Selected top-ranked Crohn's disease and type 2 diabetes genes for which network data added support to GWAS evidence, measured as an increase in odds (prior = −1.7 for each)

graphic file with name 1109tbl1.jpg

HumanNet predicts cellular loss-of-function phenotypes

To evaluate the predictive power of the new network, we first examined cellular-level phenotypes. Many human diseases reflect failures of core cellular machinery, e.g., failures of metabolism, DNA repair, replication, etc. For example, hereditary nonpolyposis colorectal carcinoma arises from mutations in DNA mismatch repair (Fishel et al. 1993; Miyaki et al. 1997), Zellweger syndrome arises from mutations in peroxisome biogenesis (Moser et al. 1995), and leukoencephalopathy with vanishing white matter arises from mutations in any of the subunits of translation initiation factor EIF2B1 (Leegwater et al. 2001; van der Knaap et al. 2002). A network for even a single eukaryotic cell will capture many of these basic processes and has the potential to prove predictive for genes for diverse human diseases. We therefore investigated whether the human gene network was predictive of cellular-level mutational phenotypes, focusing on cell survival and proliferation phenotypes from loss-of-function studies in cell culture.

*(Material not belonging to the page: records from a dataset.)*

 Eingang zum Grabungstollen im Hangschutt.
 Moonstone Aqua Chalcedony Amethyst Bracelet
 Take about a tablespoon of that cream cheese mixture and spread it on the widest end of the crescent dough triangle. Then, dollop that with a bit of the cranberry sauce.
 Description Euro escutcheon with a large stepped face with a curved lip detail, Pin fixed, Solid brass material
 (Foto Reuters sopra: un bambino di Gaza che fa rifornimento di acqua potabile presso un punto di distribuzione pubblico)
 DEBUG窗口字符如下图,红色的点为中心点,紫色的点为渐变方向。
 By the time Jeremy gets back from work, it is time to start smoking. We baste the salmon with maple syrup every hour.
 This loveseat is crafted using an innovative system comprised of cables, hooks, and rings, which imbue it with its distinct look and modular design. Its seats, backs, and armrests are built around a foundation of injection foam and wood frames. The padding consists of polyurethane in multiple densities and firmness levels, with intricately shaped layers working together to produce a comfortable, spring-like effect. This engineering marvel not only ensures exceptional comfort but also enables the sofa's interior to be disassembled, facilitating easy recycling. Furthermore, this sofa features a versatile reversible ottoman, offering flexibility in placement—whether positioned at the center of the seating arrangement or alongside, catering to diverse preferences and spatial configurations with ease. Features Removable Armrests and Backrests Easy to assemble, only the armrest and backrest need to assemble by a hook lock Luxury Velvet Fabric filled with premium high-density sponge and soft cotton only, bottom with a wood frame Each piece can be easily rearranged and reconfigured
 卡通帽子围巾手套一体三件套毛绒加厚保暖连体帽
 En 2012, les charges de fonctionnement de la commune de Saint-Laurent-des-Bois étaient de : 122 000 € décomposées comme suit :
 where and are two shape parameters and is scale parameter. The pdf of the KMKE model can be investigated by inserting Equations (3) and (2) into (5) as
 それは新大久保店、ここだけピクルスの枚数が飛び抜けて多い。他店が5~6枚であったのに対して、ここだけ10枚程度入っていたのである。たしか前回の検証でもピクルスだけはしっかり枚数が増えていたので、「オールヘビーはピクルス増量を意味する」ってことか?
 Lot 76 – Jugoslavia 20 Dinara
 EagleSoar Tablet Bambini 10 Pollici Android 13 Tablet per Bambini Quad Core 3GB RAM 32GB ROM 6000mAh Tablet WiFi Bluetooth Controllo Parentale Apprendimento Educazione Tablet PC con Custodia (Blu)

We first asked whether genes essential to cell viability could be accurately identified using the gene network. Schlabach and colleagues identified about 600 genes that affect the viability and proliferation of normal human mammary epithelial cells (HMEC) by using multiplex short hairpin RNA (shRNA) screening (Schlabach et al. 2008). Although assayed largely for proliferation defects, these genes are highly likely to be essential for HMEC cell growth, given the incompletely penetrant phenotype induced by shRNA knockdown (Chang et al. 2006).

We found that the essential HMEC genes were, indeed, highly connected in HumanNet (Fig. 1B), as assessed by cross-validated receiver operating characteristic (ROC) analysis (see the Methods section). For example, ∼18% of all known essential genes, but only 2% of all genes not known to be essential, are connected to known essential genes in HumanNet, a ninefold enrichment. From these results we conclude that essential genes can be predicted on the basis of their connectivity to other essential genes in HumanNet.

This general level of predictability was also observed for more specific cellular phenotypes. We tested whether genes known to be required for HIV infection, as measured by large-scale RNAi knockdown (Brass et al. 2008), were predictable by guilt-by-association in HumanNet. Indeed, they showed a moderate degree of predictivity, at a level significantly higher than random chance (Fig. 1C).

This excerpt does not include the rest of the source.